Apache Drill’s architecture consists of four main components: Drillbit, ZooKeeper, Client APIs, and Storage Plugins.
1. Drillbit: A daemon running on each node in the cluster, responsible for query execution and coordination. It processes queries by breaking them into smaller fragments and distributing them across nodes.
2. ZooKeeper: Manages cluster membership, elects a leader Drillbit, and maintains metadata about active Drillbits. It ensures fault tolerance and high availability.
3. Client APIs: Provide interfaces for submitting queries (e.g., JDBC, ODBC). Clients connect to any Drillbit, which becomes the Foreman for that query.
4. Storage Plugins: Enable access to various data sources (e.g., HDFS, S3, RDBMS) and formats (e.g., Parquet, JSON, CSV).

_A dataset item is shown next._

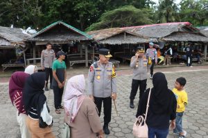 Selanjutnya, Kapolda Banten juga menyempatkan diri menyapa masyarakat dan wisatawan di kawasan Anyer, sekaligus memberikan imbauan secara humanis agar senantiasa menjaga ketertiban, keselamatan, serta mematuhi arahan petugas demi kenyamanan bersama.

Drillbits interact with each other during query execution, exchanging data and coordinating tasks. The Foreman Drillbit receives a client’s query, generates a logical plan, and creates physical plans for each fragment. These are distributed among participating Drillbits, which execute their respective fragments and return results to the Foreman. Finally, the Foreman aggregates and returns the final result to the client.
ZooKeeper facilitates communication between Drillbits, ensuring they’re aware of each other’s status and location. Storage plugins allow Drillbits to read from and write to different data sources, abstracting away storage-specific details.